Assay ton (abrv. 'AT') is not a unit of measurement (nobody ever has x assay tons of something), but rather a standard quantity used in assaying ores of precious metals; it is 29 1/6 grams (short assay ton) or 32 2/3 grams (long assay ton), the amount which bears the same ratio to a milligram as a short/long ton bears to a troy ounce. In other words, the number of milligrams of a particular metal found in a sample of this size gives the number of troy ounces contained in a short/long ton of ore.
Units of force
There are also the units of force based on each of these three mass units. However, it is only the metric ton or tonne as a unit of mass which is acceptable for use with SI. The metric tonne force (tonne force), like the kilogram force, is not acceptable for use with SI.
- 1 short ton force = 2000 lbf = 8.89644 kilonewtons (kN)
- 1 long ton force = 2240 lbf = 9.96402 kN
- 1 metric ton force = 1000 kgf = 9.80665 kN
Units of volume
See also ton (volume), tonnage.
The freight ton or measurement ton is a unit of volume used for describing ship capacities (tonnage) or cargo. One measurement ton is equal to:
The amount of fresh water at 4 °C displaced by one measurement ton has a mass similar to the ton masses listed above: 1133 kg, or 2497 lb. The measurement ton is abbreviated as M/T, MT, or MTON, which can cause it to be confused with the metric ton.

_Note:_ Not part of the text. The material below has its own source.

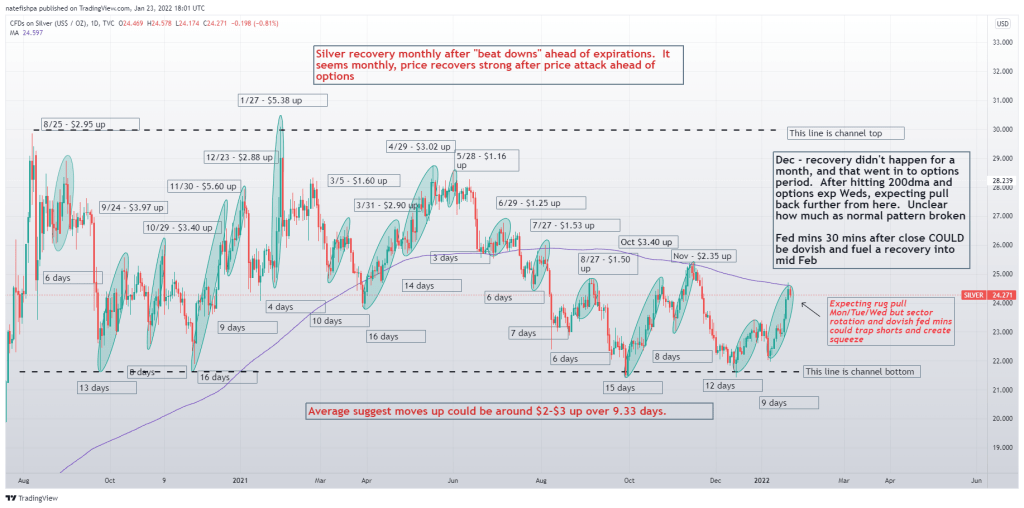 7. With the potential for more supply chain issues, NOW we are dealing with high nat gas prices in Europe and smelters now closing shop. This threatens new supply coming to market, and King New Network (yes, permabears, I know) are reporting on very little physical available. Yes, there are warehouses of this stuff in ETFs and vaults – but people continue, constantly, to mistake supply and AVAILABLE SUPPLY AT THIS PRICE. Now, if you are looking at REAL silver shortages, where are you buying? IF BOA is sitting on a massive pile they leased, they could be willing to part with this at much higher prices than spot – perhaps sell for $27-$30, then put a long hedge on at $24.25. They make $3-$6 per oz and are protected against upside losses on the physical short. This could have been BoA figuring there were significant metals shortages coming and front running. Point is – do you REALLY want to go balls deep shorting to $23 when it’s very well possible the COMEX will continue to get pummeled and physical supply really is in jeopardy? I don’t contend BoA is sitting on a pile of 800m now, but it is very possible they have a large hoard they are able to sell at a premium for desperate clients in a pinch.

The register ton is also a unit of volume used for the cargo capacity of a ship, defined as 100 cubic feet (roughly 2.83 cubic metres). It is often abbreviated GRT for gross registered ton. It is known as a tonneau de mer in Belgium, but, in France, a tonneau de mer is 1.44 cubic metres or about 1.88 cubic yards.
The Panama Canal net ton, a unit of volume used for billing for ships going through the Panama Canal, the the same as the register ton. The fee for example in the 1990s was roughly a couple USD for each unit.
The water ton was formerly used in Great Britain and equal to 224 imperial gallons (the volume occupied by a mass of one long ton under the conditions which define the imperial gallon).
See 1 E-1 m³ and orders of magnitude (volume) for a comparison with other volumes.
Units of energy and power
In refrigeration and air-conditioning, a refrigeration ton can be:
- The power required to cool 1 short ton of water by 1 °F every 10 minutes = 12,000 Btu/h = 3.516853 kW (kilowatts)
- A corresponding unit of energy equal to that power for a period of a day, or 24 × 12,000 Btu = 288,000 Btu = 303.856 MJ (megajoules)
- A ton of TNT or tonne of TNT is equal to 1,000,000 grams (1 metric tonne) at a conventional energy value of 1000 small (thermochemical) calories per gram, thus 1 gigacalorie, or 4.184 gigajoules. See also megaton.
- A ton of coal equivalent or tonne of coal equivalent (TCE), a conventional value of 7 Gcal (IT) = 29.3076 GJ.
- Ton is also used informally to mean a large amount of something.
- Units of speed: in slang or informal usage, a ton can be
- In money, a ton is slang for 100 GBP (pounds sterling) - this is primarily used in London, England.
- In darts, a ton is a score of 100 or more points with three darts.
- In motor vehicles, many trucks are classified into groups loosely related to their carrying capacity as 1/2 ton, 3/4 ton, 2 1/2 ton (deuce-and-a-half in U.S. military slang), 5 ton, etc.